▶ _Your assignment_:
Every record must be transcribed in its entirety, apart from the images, which are to be omitted.

▶ _Data for analysis_:
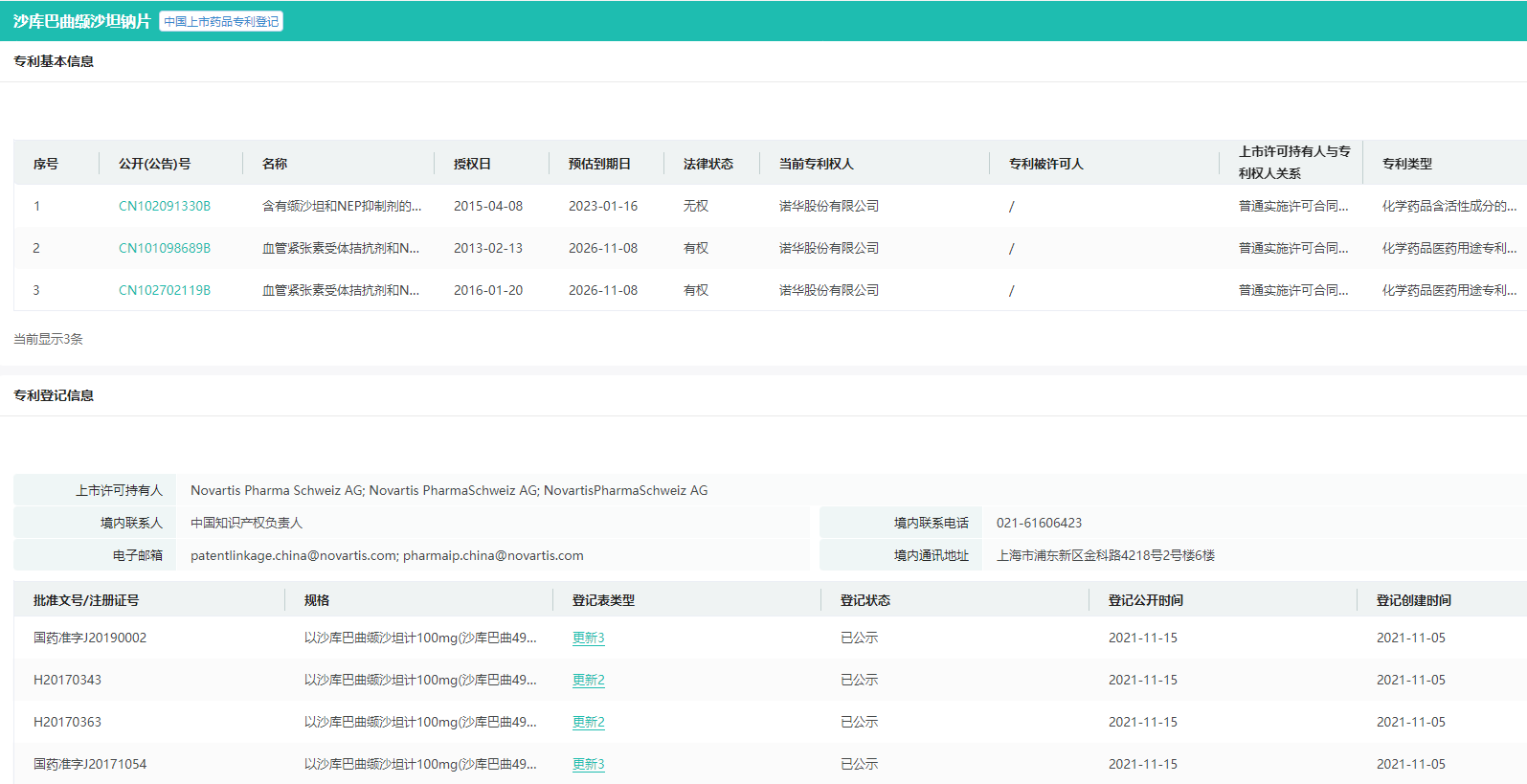 沙库巴曲缬沙坦钠片-专利基本信息
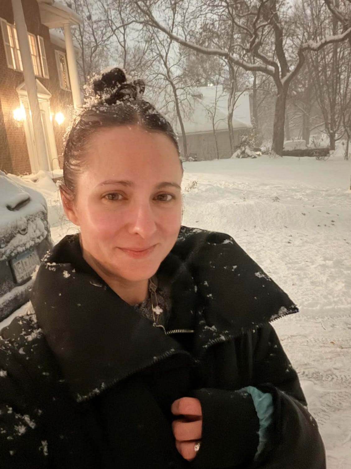 It feels so good to stand in awe Jaw slack eyes wide Taking in a magical moment simply Standing in my driveway Kids laughing around me Something as simple as falling snow Taking my breath away The way it tumbles from the sky Effortlessly Coating my dark hair in crispy white Tiny miracles land in my hand and On my tongue The cold may be nipping at my nose But it can’t tear me away from this masterpiece
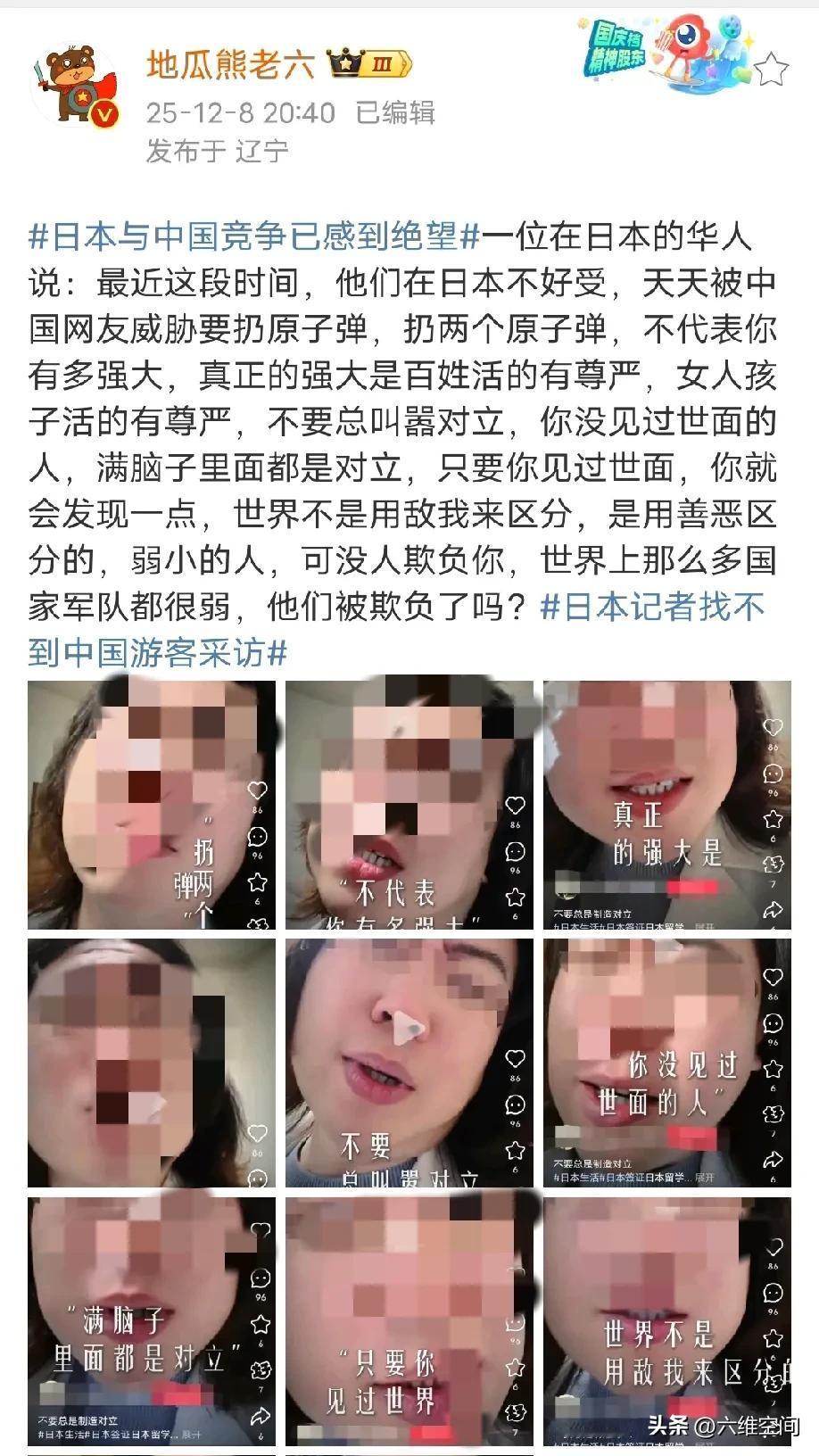 一个日本华人不去教育日本右翼,反而跑来中国的社交媒体上教育中国人,说什么能扔两颗原子弹不代表你有多强! 我觉得如果日本华人都是这个样子,反而是好事,到时候也不需要有太多顾虑了,反正该提醒的已经提醒了,该说的道理都说了,你自己愿意待在日本的,到时候就别求着国内帮你们了,精日到这种地步,也是它们活该!
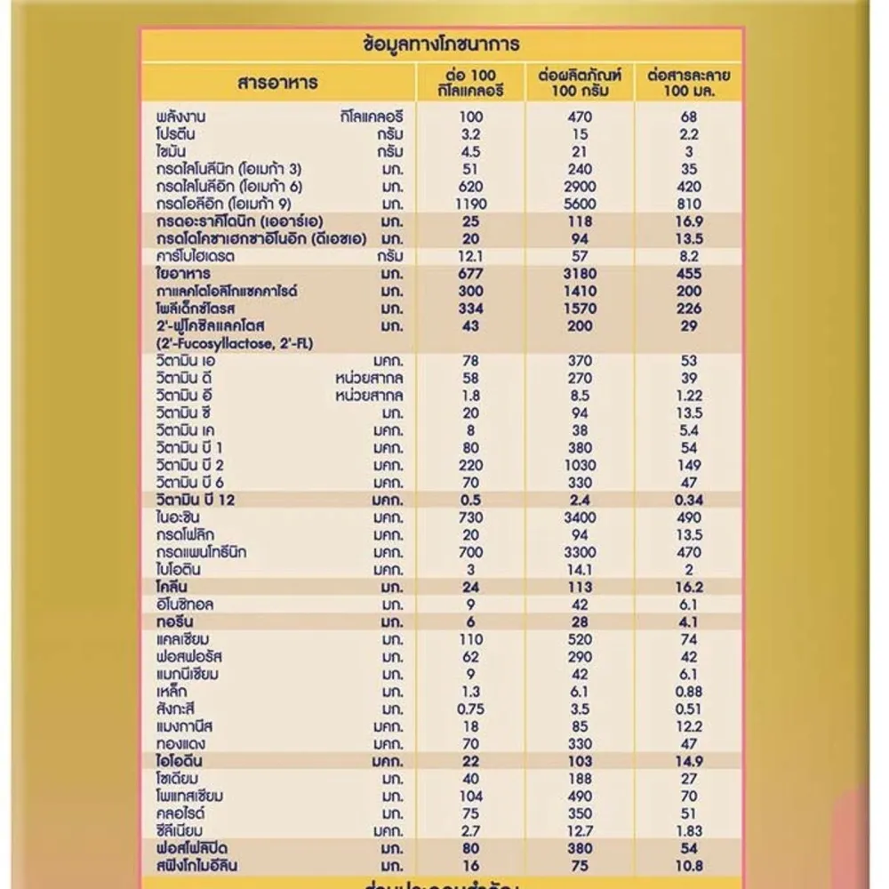 - มี 2&#39;-ฟูโคซิลแลคโตส (2&#39;-FL) เป็นโอลิโกแซคคาไรด์และใยอาหาร<br />
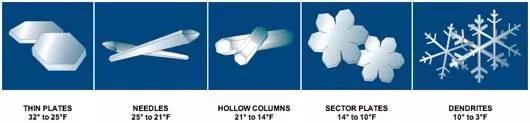 雪晶根据云的温度和湿度生长出著名的不同形状(详情见下图)。当它们穿过云层落下时,会聚集越来越多的冰粒,当结晶般的细雨演变成暴风雪时,它们往往会聚集在一起。当这些掉落的晶体离开云的底部时,它们通常已经成长为我们称之为“雪花”的复杂的格子状星暴。
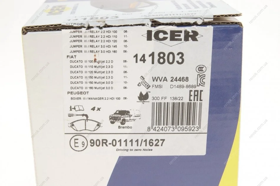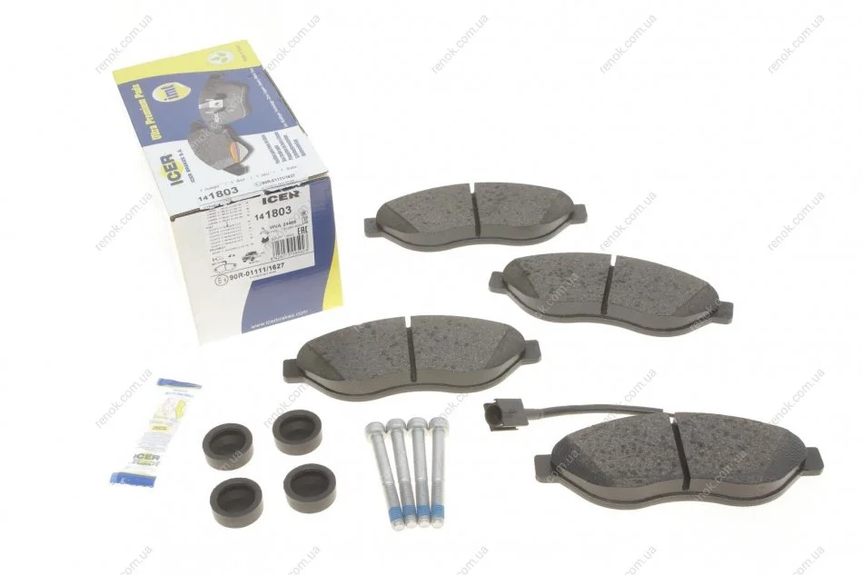Колодки тормозные (передние) Citroen Jumper/Fiat Ducato/Peugeot Boxer 06- (+датчик) ICER 141803 (1617284580, 425356, 425358)

▶ _Solution to this task_:
 沙库巴曲缬沙坦钠片-专利基本信息
 It feels so good to stand in awe Jaw slack eyes wide Taking in a magical moment simply Standing in my driveway Kids laughing around me Something as simple as falling snow Taking my breath away The way it tumbles from the sky Effortlessly Coating my dark hair in crispy white Tiny miracles land in my hand and On my tongue The cold may be nipping at my nose But it can’t tear me away from this masterpiece
 一个日本华人不去教育日本右翼,反而跑来中国的社交媒体上教育中国人,说什么能扔两颗原子弹不代表你有多强! 我觉得如果日本华人都是这个样子,反而是好事,到时候也不需要有太多顾虑了,反正该提醒的已经提醒了,该说的道理都说了,你自己愿意待在日本的,到时候就别求着国内帮你们了,精日到这种地步,也是它们活该!
 - มี 2&#39;-ฟูโคซิลแลคโตส (2&#39;-FL) เป็นโอลิโกแซคคาไรด์และใยอาหาร<br />
 雪晶根据云的温度和湿度生长出著名的不同形状(详情见下图)。当它们穿过云层落下时,会聚集越来越多的冰粒,当结晶般的细雨演变成暴风雪时,它们往往会聚集在一起。当这些掉落的晶体离开云的底部时,它们通常已经成长为我们称之为“雪花”的复杂的格子状星暴。
Колодки тормозные (передние) Citroen Jumper/Fiat Ducato/Peugeot Boxer 06- (+датчик) ICER 141803 (1617284580, 425356, 425358)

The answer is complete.